__Description of the task__.
Skip the pictures. Output only the lines below starting at the line with "- The total" and ending at the line with "Zijn ploeg vroeg", both ends included, exactly as they are.

__Recorded information__.
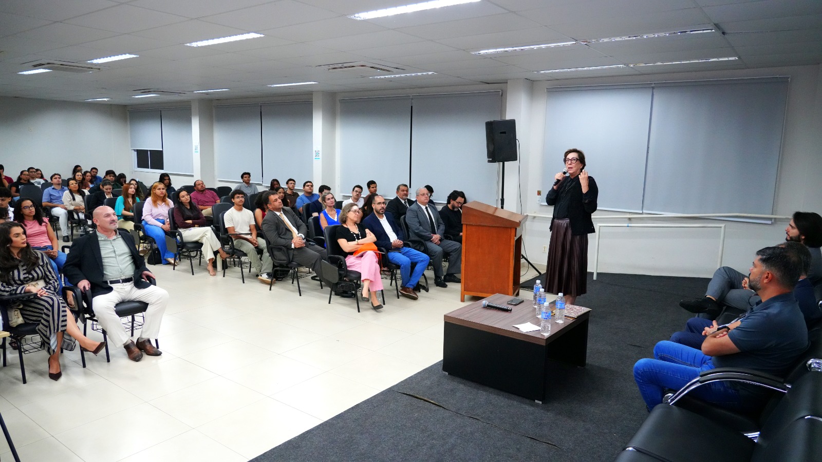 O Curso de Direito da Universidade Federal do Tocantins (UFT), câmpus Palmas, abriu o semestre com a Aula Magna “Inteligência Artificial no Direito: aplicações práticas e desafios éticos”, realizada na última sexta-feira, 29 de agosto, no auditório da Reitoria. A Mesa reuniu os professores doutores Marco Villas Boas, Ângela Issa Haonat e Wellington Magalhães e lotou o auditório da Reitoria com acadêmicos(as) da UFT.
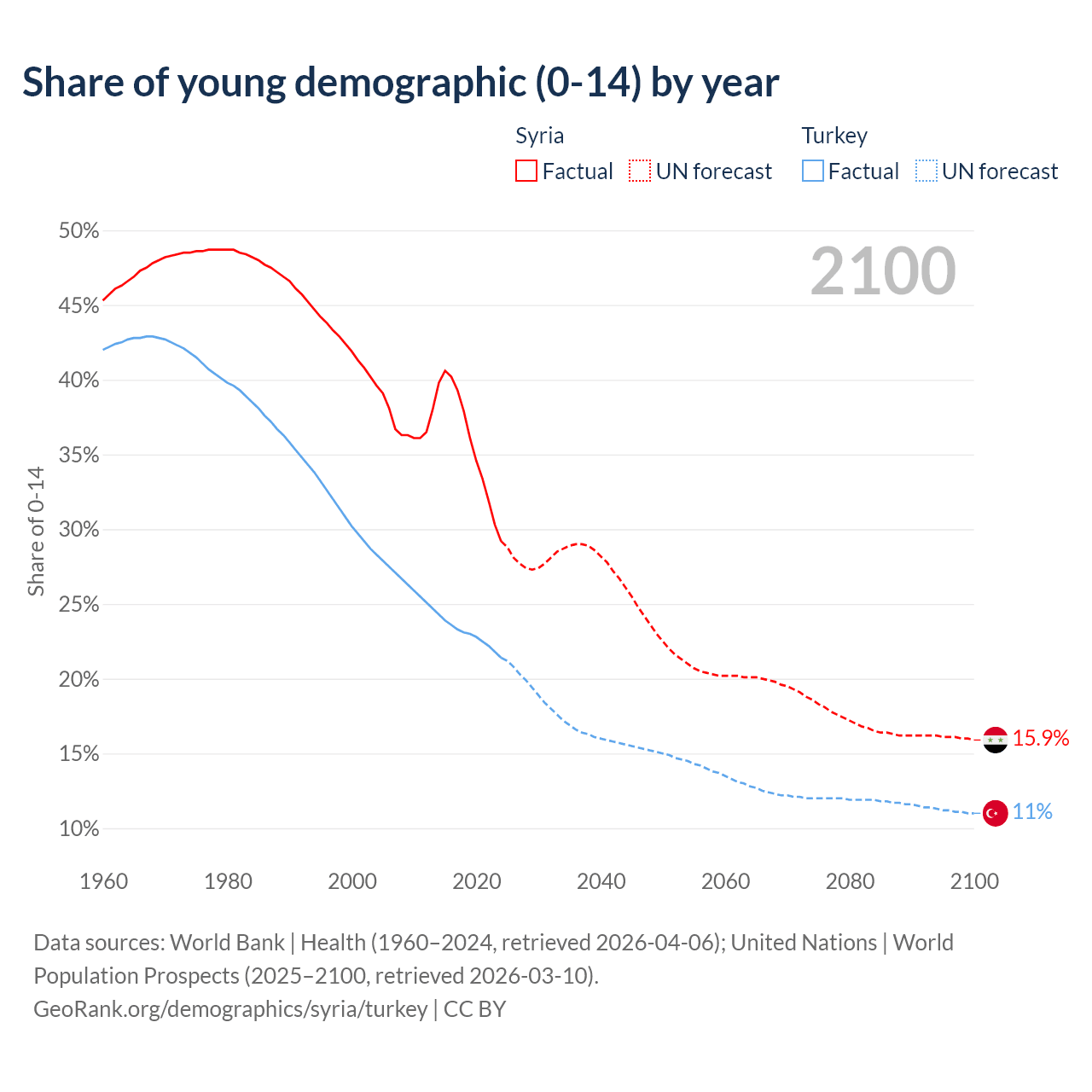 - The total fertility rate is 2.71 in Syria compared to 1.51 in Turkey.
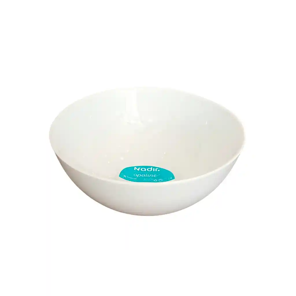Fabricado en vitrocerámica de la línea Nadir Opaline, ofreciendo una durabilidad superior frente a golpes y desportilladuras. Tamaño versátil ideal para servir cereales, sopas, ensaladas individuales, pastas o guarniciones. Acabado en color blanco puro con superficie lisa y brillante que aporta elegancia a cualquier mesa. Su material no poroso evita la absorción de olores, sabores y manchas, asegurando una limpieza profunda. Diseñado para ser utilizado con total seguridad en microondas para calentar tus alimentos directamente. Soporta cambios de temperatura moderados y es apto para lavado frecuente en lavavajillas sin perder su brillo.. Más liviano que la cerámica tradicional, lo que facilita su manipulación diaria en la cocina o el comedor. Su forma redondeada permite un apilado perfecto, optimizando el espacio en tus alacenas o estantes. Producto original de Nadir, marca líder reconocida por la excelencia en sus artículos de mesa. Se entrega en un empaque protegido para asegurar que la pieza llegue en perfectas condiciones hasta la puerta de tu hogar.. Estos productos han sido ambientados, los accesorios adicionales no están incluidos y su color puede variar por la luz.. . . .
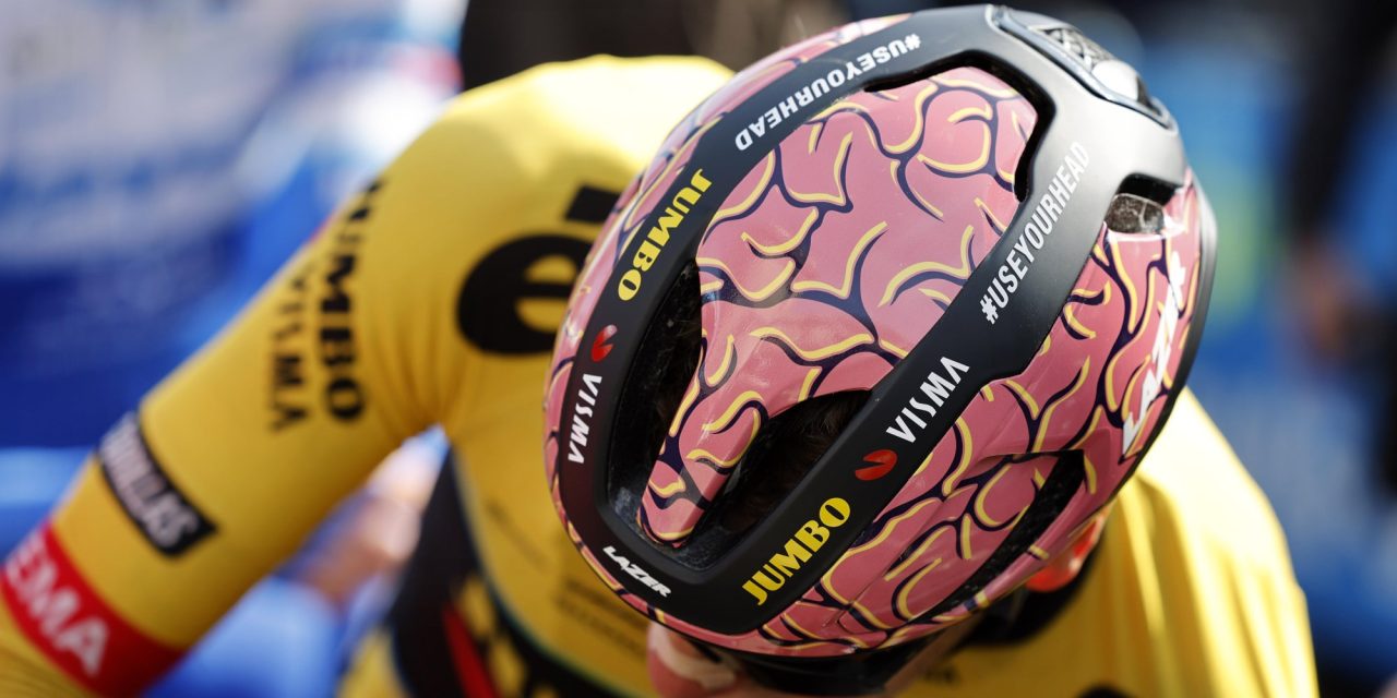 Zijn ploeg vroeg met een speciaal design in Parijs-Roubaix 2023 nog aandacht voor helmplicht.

==

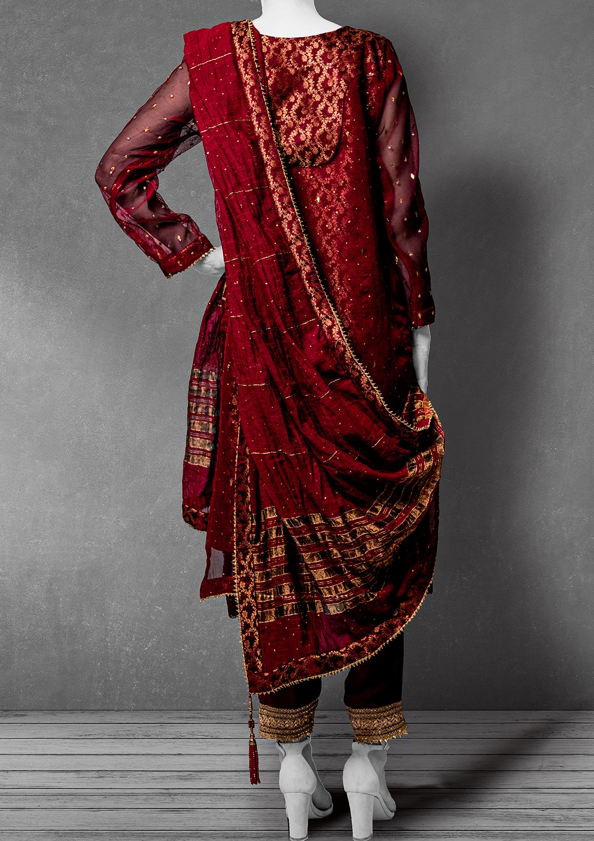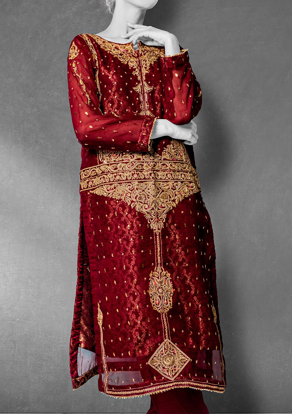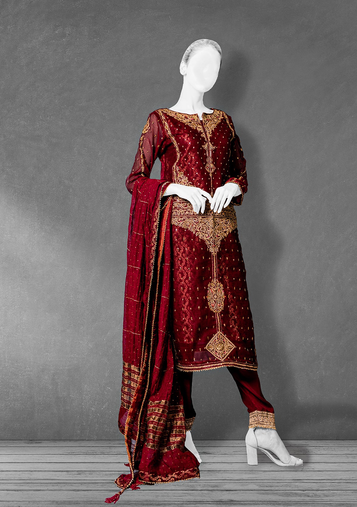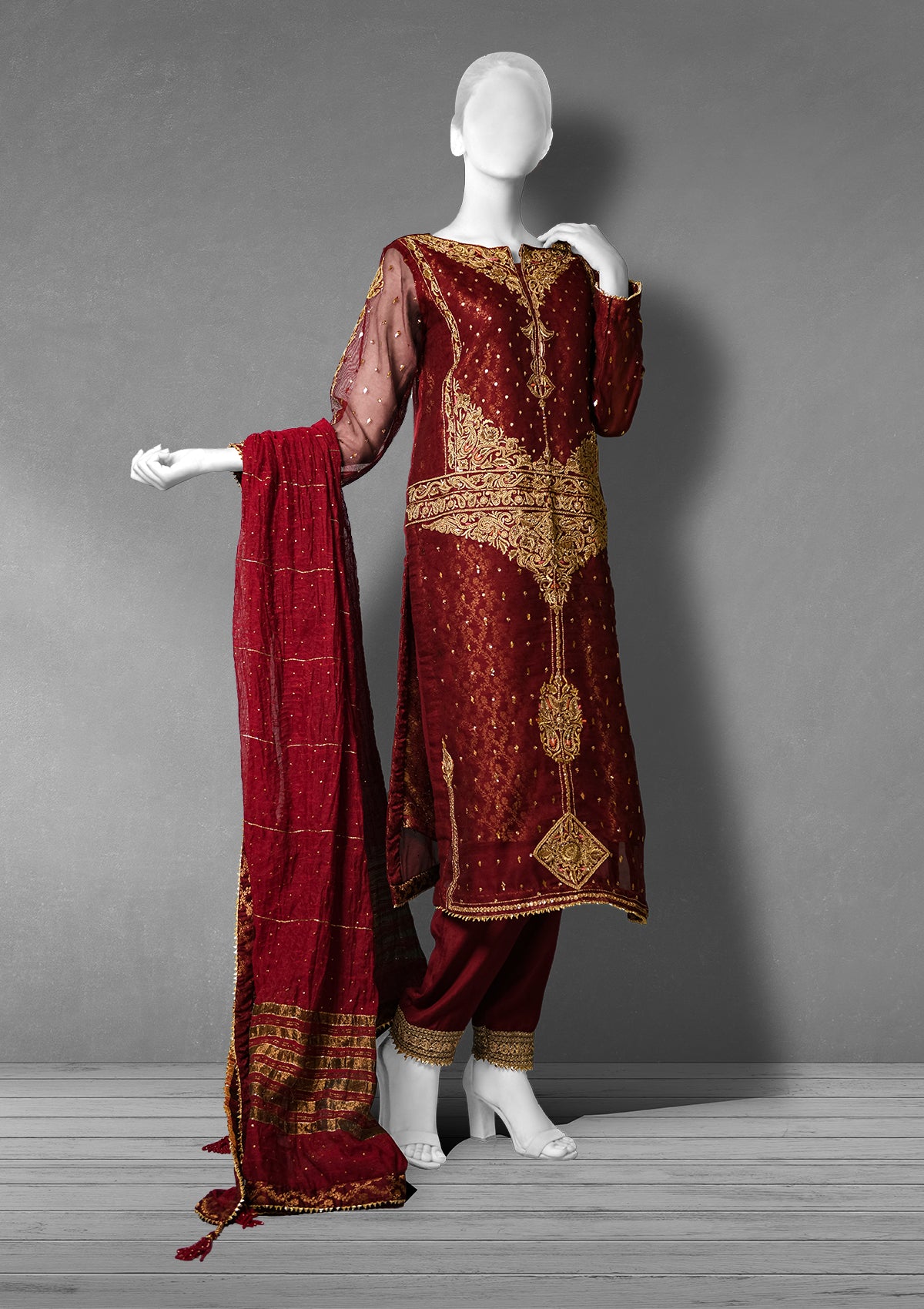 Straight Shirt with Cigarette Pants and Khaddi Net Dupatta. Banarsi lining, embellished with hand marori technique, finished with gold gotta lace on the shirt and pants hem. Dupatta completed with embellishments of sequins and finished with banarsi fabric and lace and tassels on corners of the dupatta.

__Answer space__.
 - The total fertility rate is 2.71 in Syria compared to 1.51 in Turkey.
Fabricado en vitrocerámica de la línea Nadir Opaline, ofreciendo una durabilidad superior frente a golpes y desportilladuras. Tamaño versátil ideal para servir cereales, sopas, ensaladas individuales, pastas o guarniciones. Acabado en color blanco puro con superficie lisa y brillante que aporta elegancia a cualquier mesa. Su material no poroso evita la absorción de olores, sabores y manchas, asegurando una limpieza profunda. Diseñado para ser utilizado con total seguridad en microondas para calentar tus alimentos directamente. Soporta cambios de temperatura moderados y es apto para lavado frecuente en lavavajillas sin perder su brillo.. Más liviano que la cerámica tradicional, lo que facilita su manipulación diaria en la cocina o el comedor. Su forma redondeada permite un apilado perfecto, optimizando el espacio en tus alacenas o estantes. Producto original de Nadir, marca líder reconocida por la excelencia en sus artículos de mesa. Se entrega en un empaque protegido para asegurar que la pieza llegue en perfectas condiciones hasta la puerta de tu hogar.. Estos productos han sido ambientados, los accesorios adicionales no están incluidos y su color puede variar por la luz.. . . .
 Zijn ploeg vroeg met een speciaal design in Parijs-Roubaix 2023 nog aandacht voor helmplicht.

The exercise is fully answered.